WORK REQUIRED: Copy out the entire listing below exactly, but without its pictures.

━━━━

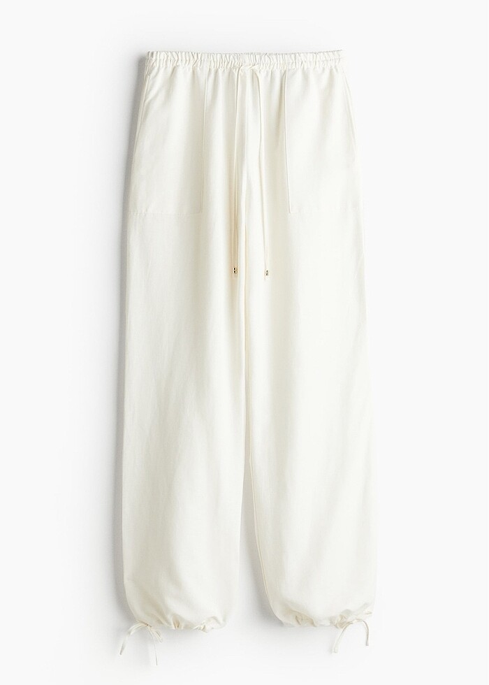 Keten karışımlı ince dokuma kumaş bol kesimli pantolon. Kaplı lastikli, uçlarında boncuk bulunan ince büzgü bağlı normal belli. Yama yan cepli, düz paçalı, paça ağızları büzgü bağlı. Beden: İç bacak: Uzunluk: 76.5 cm (Beden M) Bel Yüksekliği: Normal belli Kesİm: Bol kesim Viskoz 43%, Keten 30%, Pamuk 27% Birkaç kez giyildi vücut tipime uymadığı için satıyorum
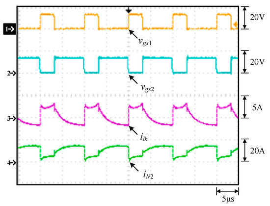 Measured waveforms at rated load: (1) vgs1; (2) vgs2; (3) ilk; (4) iN2.
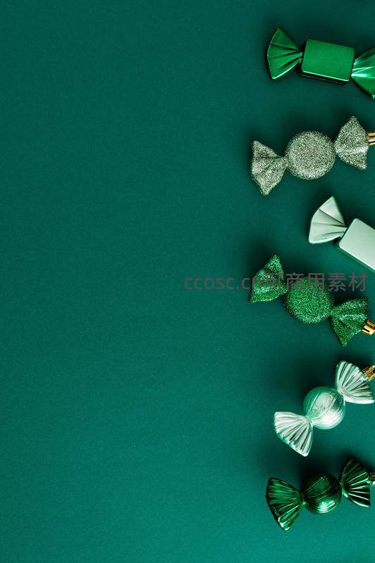 在纯深绿色背景上,几颗包装精美的绿色系糖果错落摆放,营造出简约而富有节日氛围的平面构图。
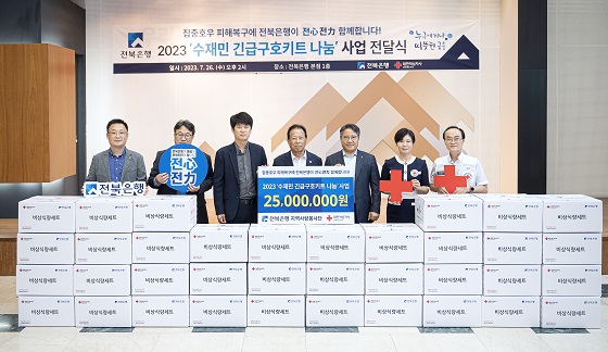 전북은행지역사랑봉사단 30여명은 지난 22일 대한적십자사 전북지사에서 2500만원 상당 긴급구호키트를 직접 포장하는 봉사활동을 펼쳤으며, 올해 제작한 수량은 대한적십자사 전북지사와 함께 신속히 수재민들에게 전달해 빠른 일상회복을 도울 예정이다.
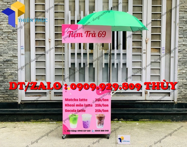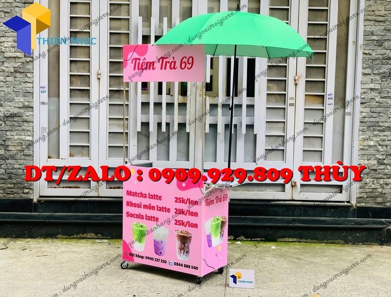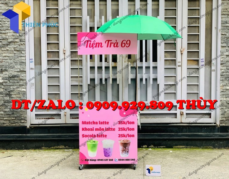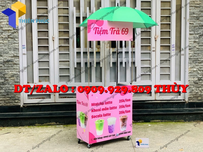 Tên Sản Phẩm: Xe bán nước gắn dù gấp gọn - tủ bán matcha latte xếp gọn
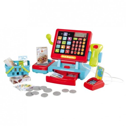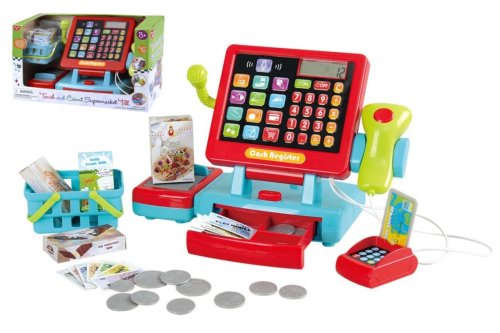 Deti si môžu zahrať na obchod s pokladňou, ktorá reaguje na dotyk. Balenie obsahuje mnoho doplnkov, ktoré do obchodu patria.
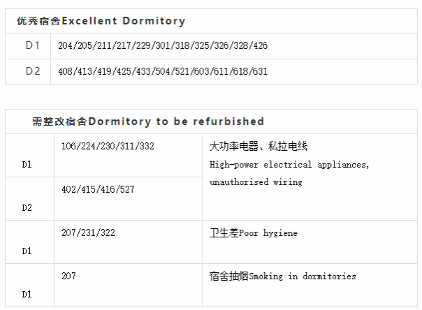 The desks, seats, doors and windows, water and power equipment in the dormitory are all "good helpers" shared by everyone, while the doors and windows are opened and closed lightly to avoid damage. When utilising tables and chairs, minimise violent pulling and shaking, and report loose screws for repair in a timely manner. Faucets, light switches, along with so on can be used as needed. If there is damage, water leakage, or a lack of light, we will call the dormitory staff as quickly as possible to fix it. Take care for the facilities, and extend their "service life," ensuring that our daily lives are not disrupted.
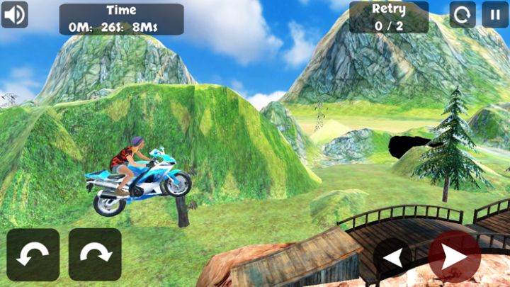 控制摩托车极速加速或倒车,在空中控制车子旋转,使其平稳着地。
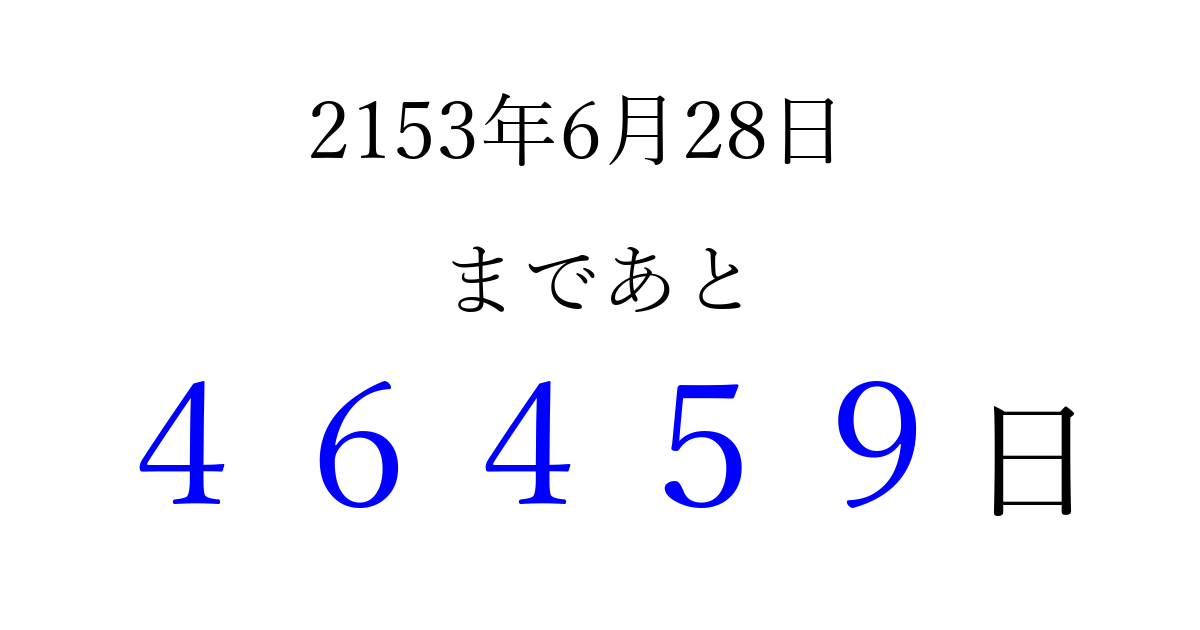 2153年6月28日(木)まで あと 99999 日です 追加すると、トップページからすぐ選べるようになります ※2026/04/16現在の結果です。 最新の状態に更新する ↓シェアして、タイムライン上にカウントダウンを表示しよう!↓ 📤 この結果を共有する Tweet シェア Threads Bluesky 別の日付でカウントダウン 2153年6月のカレンダー このページをブックマークに追加すると、いつでもカウントダウンを確認できます。 (PC: Ctrl+D / Mac: ⌘+D) hitome-notes.comでは以下のページも運営しています。 指定日と期間から日付を計算 | ガチャ確率計算・シミュレーション | プライバシー・ポリシー 運営者:Avocado
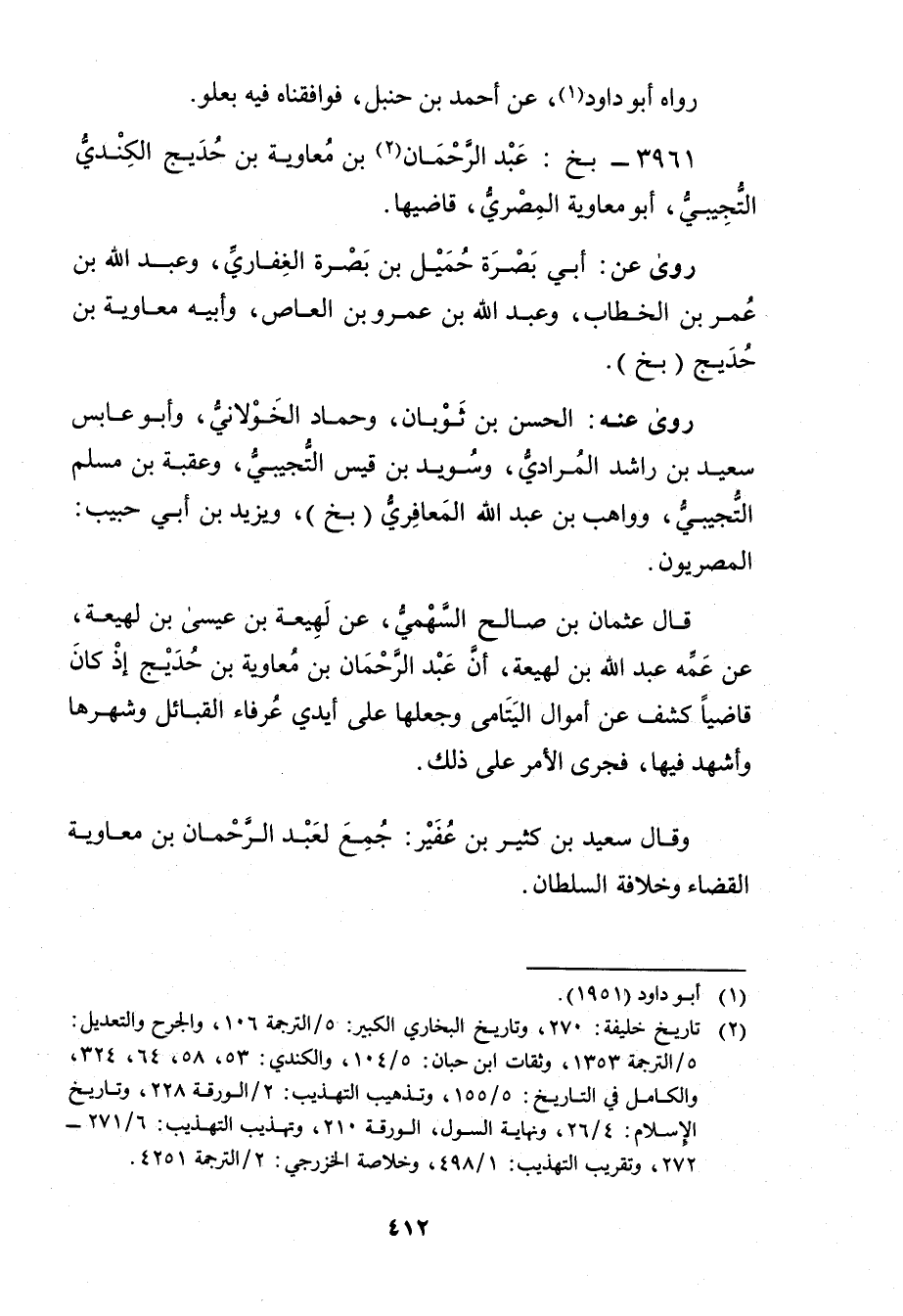 3961 - بخ: عَبْد الرَّحْمَن بن معاوية بن حديج الكندي التجيبي (2) ، أَبُو معاوية المِصْرِي، قاضيها.

━━━━

RESULT:
 Keten karışımlı ince dokuma kumaş bol kesimli pantolon. Kaplı lastikli, uçlarında boncuk bulunan ince büzgü bağlı normal belli. Yama yan cepli, düz paçalı, paça ağızları büzgü bağlı. Beden: İç bacak: Uzunluk: 76.5 cm (Beden M) Bel Yüksekliği: Normal belli Kesİm: Bol kesim Viskoz 43%, Keten 30%, Pamuk 27% Birkaç kez giyildi vücut tipime uymadığı için satıyorum
 Measured waveforms at rated load: (1) vgs1; (2) vgs2; (3) ilk; (4) iN2.
 在纯深绿色背景上,几颗包装精美的绿色系糖果错落摆放,营造出简约而富有节日氛围的平面构图。
 전북은행지역사랑봉사단 30여명은 지난 22일 대한적십자사 전북지사에서 2500만원 상당 긴급구호키트를 직접 포장하는 봉사활동을 펼쳤으며, 올해 제작한 수량은 대한적십자사 전북지사와 함께 신속히 수재민들에게 전달해 빠른 일상회복을 도울 예정이다.
 Tên Sản Phẩm: Xe bán nước gắn dù gấp gọn - tủ bán matcha latte xếp gọn
 Deti si môžu zahrať na obchod s pokladňou, ktorá reaguje na dotyk. Balenie obsahuje mnoho doplnkov, ktoré do obchodu patria.
 The desks, seats, doors and windows, water and power equipment in the dormitory are all "good helpers" shared by everyone, while the doors and windows are opened and closed lightly to avoid damage. When utilising tables and chairs, minimise violent pulling and shaking, and report loose screws for repair in a timely manner. Faucets, light switches, along with so on can be used as needed. If there is damage, water leakage, or a lack of light, we will call the dormitory staff as quickly as possible to fix it. Take care for the facilities, and extend their "service life," ensuring that our daily lives are not disrupted.
 控制摩托车极速加速或倒车,在空中控制车子旋转,使其平稳着地。
 2153年6月28日(木)まで あと 99999 日です 追加すると、トップページからすぐ選べるようになります ※2026/04/16現在の結果です。 最新の状態に更新する ↓シェアして、タイムライン上にカウントダウンを表示しよう!↓ 📤 この結果を共有する Tweet シェア Threads Bluesky 別の日付でカウントダウン 2153年6月のカレンダー このページをブックマークに追加すると、いつでもカウントダウンを確認できます。 (PC: Ctrl+D / Mac: ⌘+D) hitome-notes.comでは以下のページも運営しています。 指定日と期間から日付を計算 | ガチャ確率計算・シミュレーション | プライバシー・ポリシー 運営者:Avocado
 3961 - بخ: عَبْد الرَّحْمَن بن معاوية بن حديج الكندي التجيبي (2) ، أَبُو معاوية المِصْرِي، قاضيها.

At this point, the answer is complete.